The band employs field recordings, recorded from the city’s nighttime sounds and “ready-made percussion” like detergent bottles,. the collective fed those sounds through distortion to get closer to those nighttime sounds. “Compared to Fongola, this album is intentionally way more intense, because it’s quite upbeat and quite full-on,”Xavier Thomas says. The album’s material also pulls from much wider influences and span across West Africa and South Africa, influenced by Bianko’s global travel, which introduced him to new types of alternative electronic music and punk.
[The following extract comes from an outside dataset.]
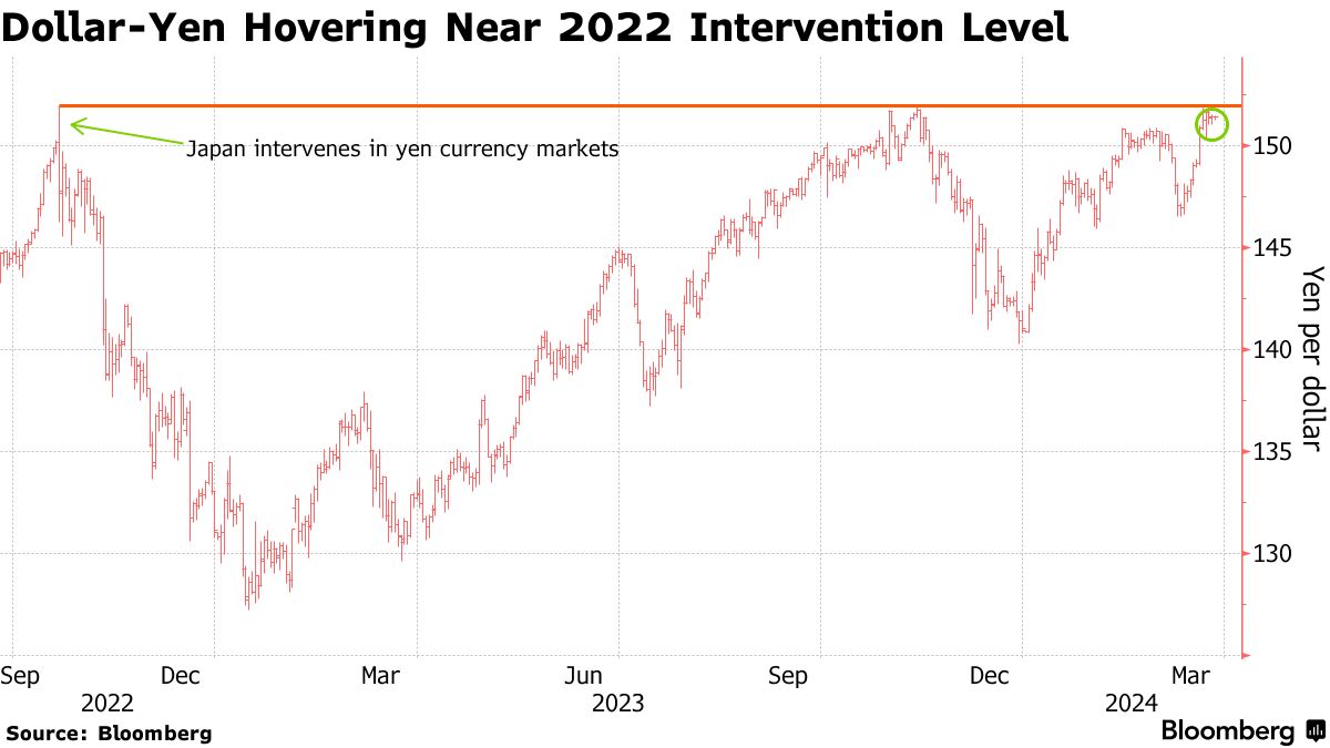 这对货币本周交易在151左右,根据彭博智库首席十大外汇策略师奥德丽·奇尔德-弗里曼(Audrey Childe-Freeman)的说法,可能会向155推进。如果达到152至155的范围,美国银行公司认为干预风险正在上升,而经济学家的一项彭博调查发现,可能会促使财政部干预的日元水平的中位数估计为155。
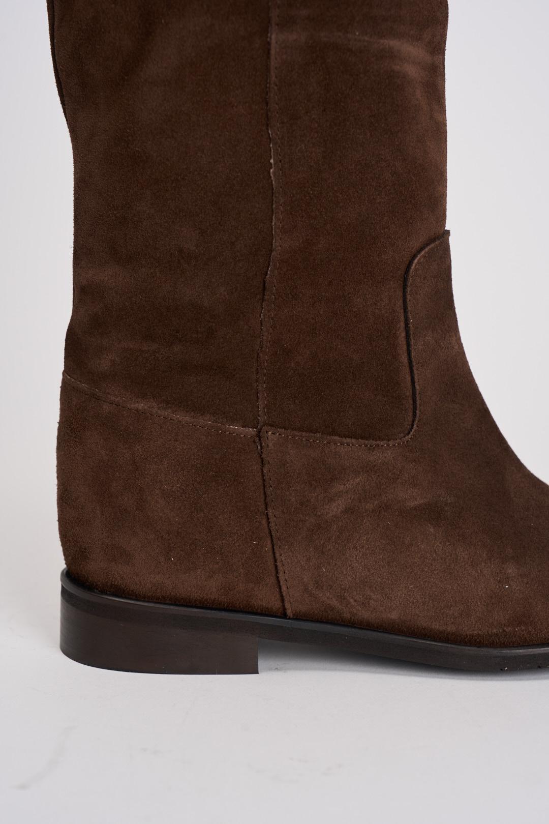 DIVINE FOLLIE Stivale donna in camoscio marrone. Stivale lungo sotto al ginocchio in camoscio marrone. Rialzo interno. Tacco 3 cm. Calzata regolare. Vera pelle.

Last month, I wrote about “Mokili” a house music inspired banger featuring glistening synth arpeggios, relentlessly skittering hi-hats and tweeter and woofer rattling thump serving as a slickly produced bed for Bianko’s crooning and impassioned shouts. Continuing a remarkable run of club friendly material with an in-your-face punk attitude and ethos, “Mokili” captures the frenetic and sweaty energy of their hometown and its nightlife scene with an uncanny, novelistic realism. But along with that, the song is a forceful and joyous reminder that Africa is the present and the future. (If y’all didn’t know, by 2050 close to a quarter of the entire world will be African.)
“’Mokili’ is about moving the world so much that it’s going to tip over sort of,” the acclaimed Congolese collective explains. “This track was a track we were used to trying live in a more improvised way, we never got the chance to record till recently where we added the right touch for the studio. It was the last addition to our album BUTU and became the first single, so it’s really fresh. It has obviously influences from Kinshasa but also Kwaito and 90’s dance music.”
BUTU‘s second and latest single “Salaka Bien” is a euphoric, trance-inducing banger anchored around percussion created on heavy ceramic pots and pans, glistening house music synth stabs and skittering beats that helps to emphasize Bianko’s punchy and swaggering delivery singing lyrics full of winking sexual innuendo. If this track doesn’t fire you up and get you moving, you’re probably dead — literally and figuratively.
“It’s a bass line driven track, with a lot of influences, like punk funk meeting old house stabs with a trance feeling!” The acclaimed Congolese collective explain. “When we play it live there are moments of overwhelming feeling building till it explodes and people let go totally. Do it, do it good, do it till you break it”.